### Problem to work on:
Only lines, not pictures: please repeat exactly the lines from the one with "や 言語・文化面での相互理解不足 に起因していることが示されています。" through the end of the listing.
== Supplied data
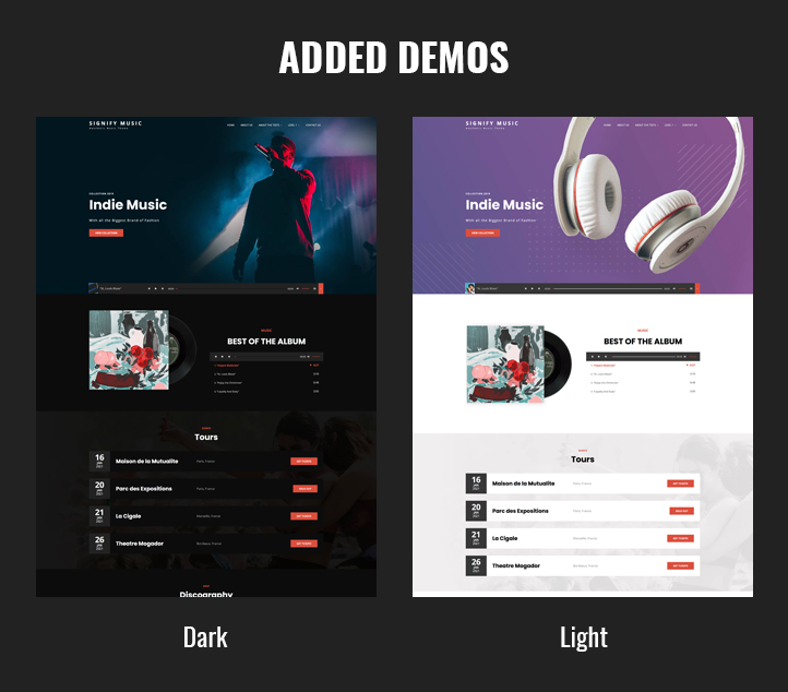 Signify Pro 3.8 now comes with two new one-click Music Demos – Signify Music Light and Signify Music Dark. You can import the Signify Music demos if you want to build your professional music site and promote your musical journey and music business.
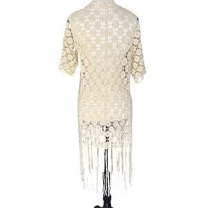 Crochet Lace Open Front Cardigan Kimono Fringe Overcoat Small Cream Western Boho
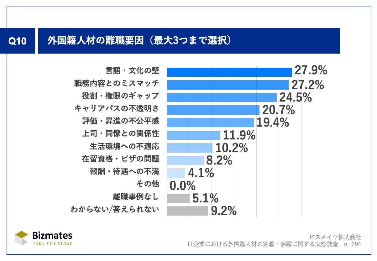 Q10.「外国籍人材の離職要因」(n=294)の結果では、「言語・文化の壁」27.9%が最も多く、「職務内容とのミスマッチ」27.2%、「役割・権限のギャップ」24.5%が続きました。一方、「報酬・待遇への不満」4.1%は最下位にとどまり 、離職は条件面ではなく、職務や権限の認識差 や 言語・文化面での相互理解不足 に起因していることが示されています。
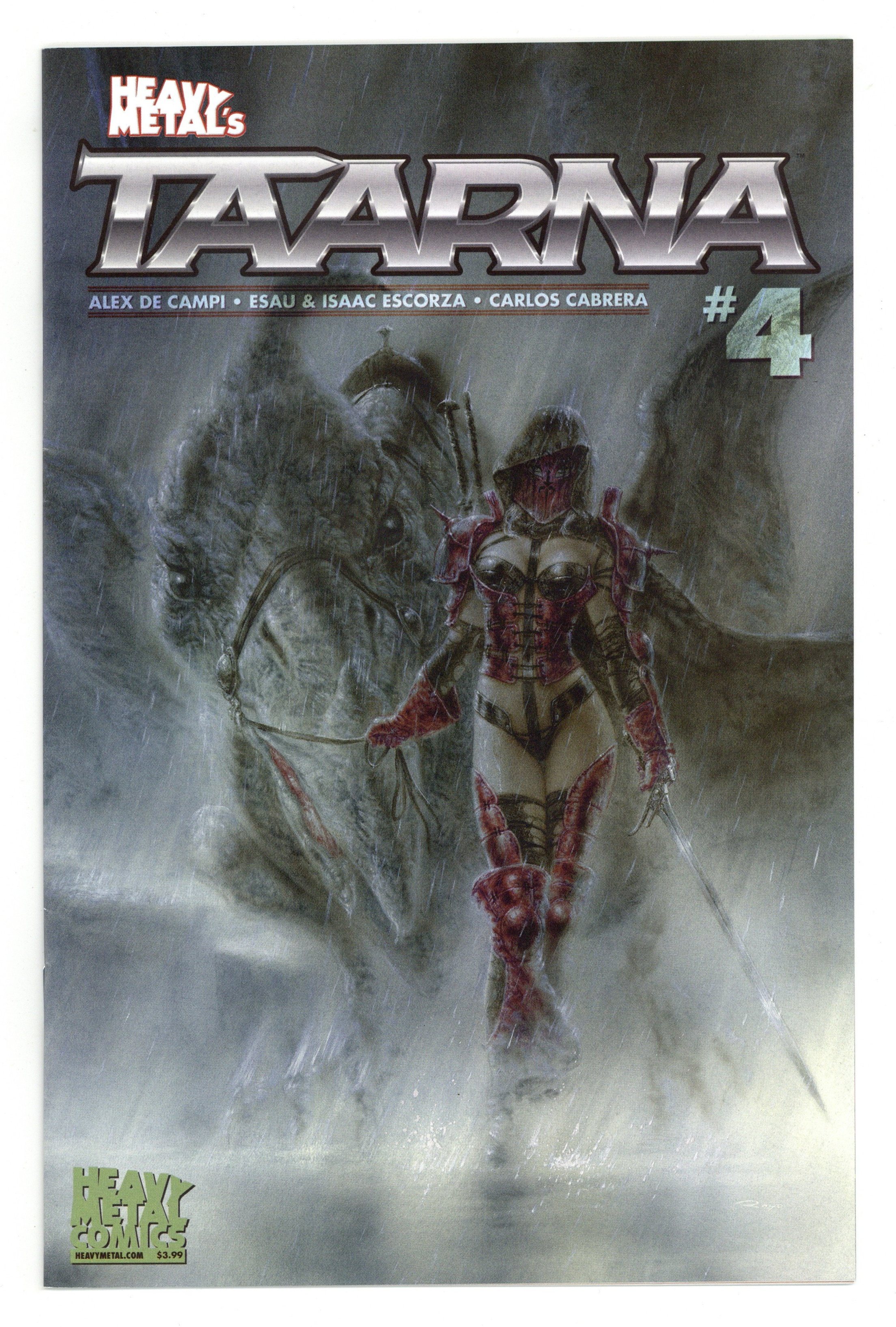 Published 2019 (est.) by Heavy Metal.$18.00Written by Alex De Campi. Art by Esau Escorza and Isaac Escorza. Cover by Luis Royo. Heavy Metal's Queen of Justice returns to defend a war torn world without rules, but will this be her final sacrifice? 28 pages, full color. Cover price $3.99.
====
### Answer space:
 Q10.「外国籍人材の離職要因」(n=294)の結果では、「言語・文化の壁」27.9%が最も多く、「職務内容とのミスマッチ」27.2%、「役割・権限のギャップ」24.5%が続きました。一方、「報酬・待遇への不満」4.1%は最下位にとどまり 、離職は条件面ではなく、職務や権限の認識差 や 言語・文化面での相互理解不足 に起因していることが示されています。
 Published 2019 (est.) by Heavy Metal.$18.00Written by Alex De Campi. Art by Esau Escorza and Isaac Escorza. Cover by Luis Royo. Heavy Metal's Queen of Justice returns to defend a war torn world without rules, but will this be her final sacrifice? 28 pages, full color. Cover price $3.99.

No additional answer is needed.